The Tatars have such a high culture, and consequently, they are appalled by calls to “liquidate” their republic.  Republics have an objective existence, Akhmedov argues; they were not “the result of voluntarism or the subject of constructivist manipulations” as some Russian commentators appear to believe.
     
Lenin set up the republics because “otherwise the Bolsheviks would have lost the Civil War.” In that conflict, the editor notes, “the slogan ‘a single and indivisible Russia’ lost to the slogan of the equality of peoples.” And that remains true despite the ways in which the Bolsheviks themselves then subverted the status of the republics.

Everyone involved in this issue needs to recognize both that “a state is not an accidental invention” but rather “objectively an organ of the development of the culture of peoples” and that “nothing is eternal under the moon – states are created and destroyed; they like people have a spirit” that maintains them or not.

            The open pursuit of an imperialist agenda by the center against the republics will lead to “tragedies,” Akhmedov says, and he urges that Moscow change course before it is too late. Specifically, Moscow needs to conclude EU-style treaties with the five republics within its borders that seek greater autonomy: Tatarstan, Bashkortostan, Chechnya, Chuvashia, and Saka.

            “In an ideal case,” he writes, “the relations of Russia and these republics should be at the same level as among the countries of the European Union,” an arrangement that would give the greatest possible guarantees to human and ethnic rights. And it is “possible” that the membership of these republics in the UN should become the subject of discussion.

            Moscow’s current policy of “diktat” toward the republics” is “intolerable and does not have a future.”  To save itself, Russia “must be transformed into a Eurasian Union,” something that will help hold things together and equally important allow Russia to escape from the vicious cycle of “time of troubles and dictatorship.”

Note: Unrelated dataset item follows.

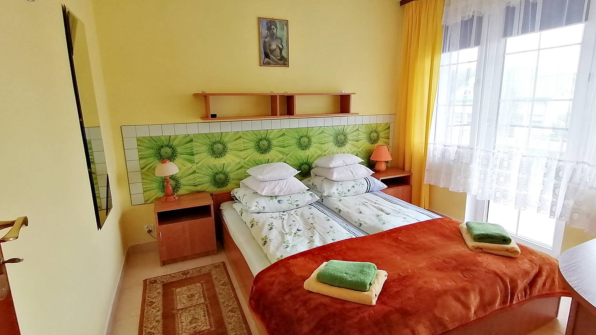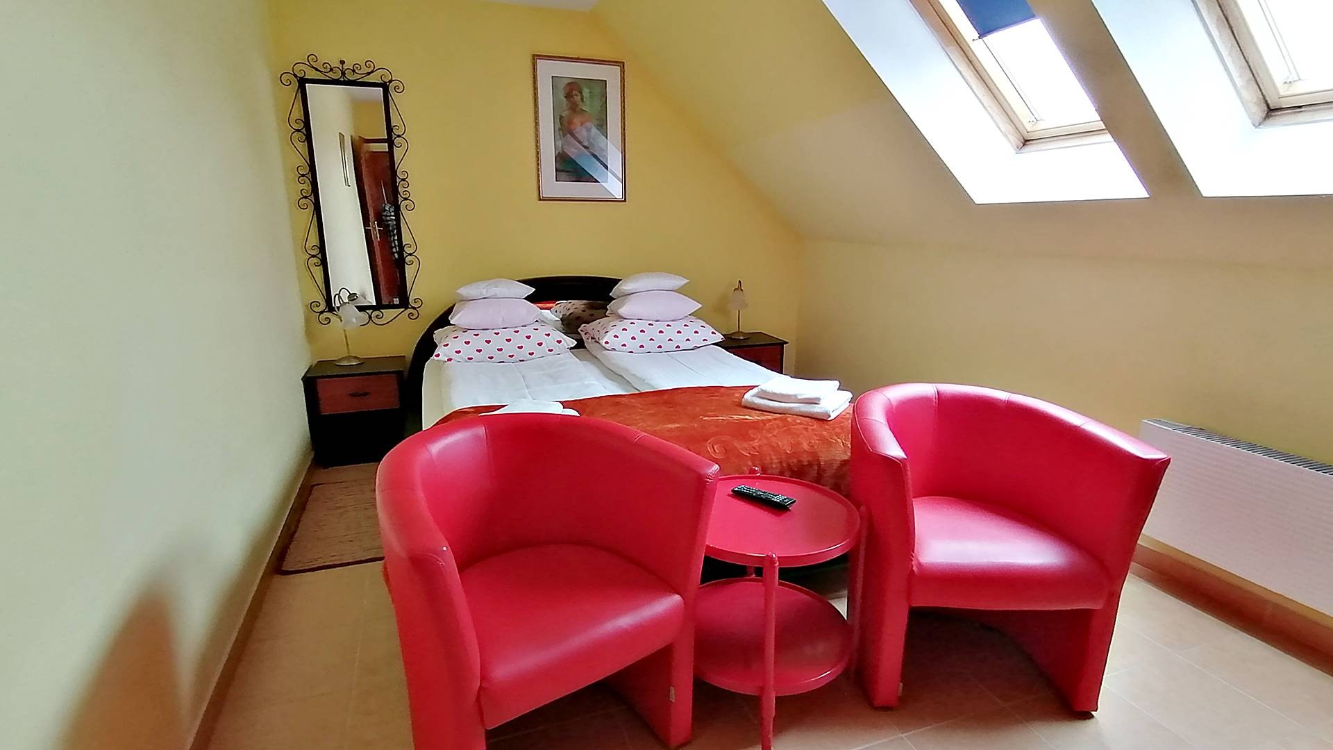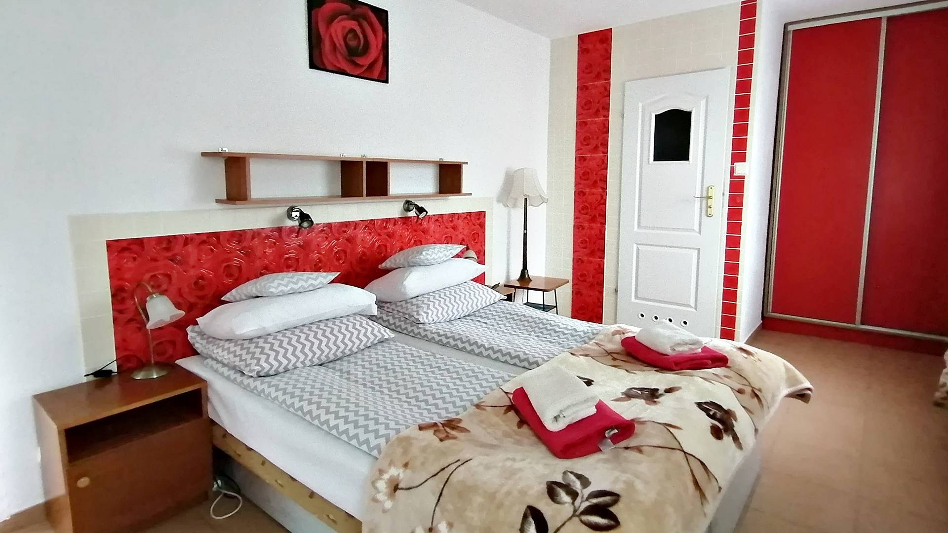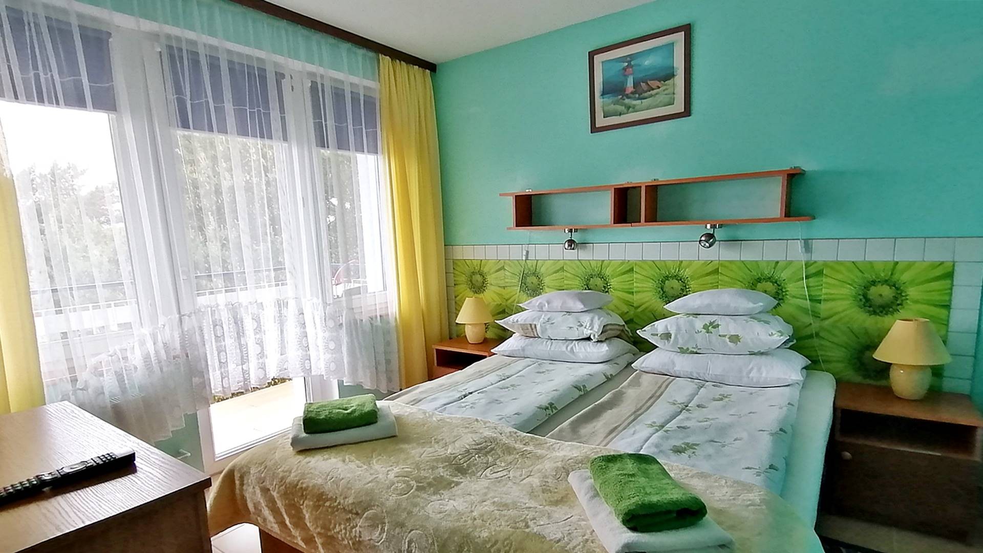 3 pokoje 2-3 osobowe z łazienkami z wejściem bezpośrednio z tarasu, 1 pokój 4-osobowyz łazienką , 7 pokoi 1- osobowych z łazienkami, 1 pokój 2-osobowy z łazienką

            “The peoples of the republics are not interested in the degradation of Russian culture. On the contrary,” Akhmedov suggests, “the development of Russian culture will help the development of other peoples as well” as long as Moscow refuses to play the role of a tsarist policeman returned to the 21st century.

            “Without a political party” committed to confederalism, the editor concludes, modernization in Russia will be “impossible.” That will be a tragedy not only for the non-Russians there but also for the Russians themselves. Today, more than ever, “Russia needs not a strong hand but strong brains.”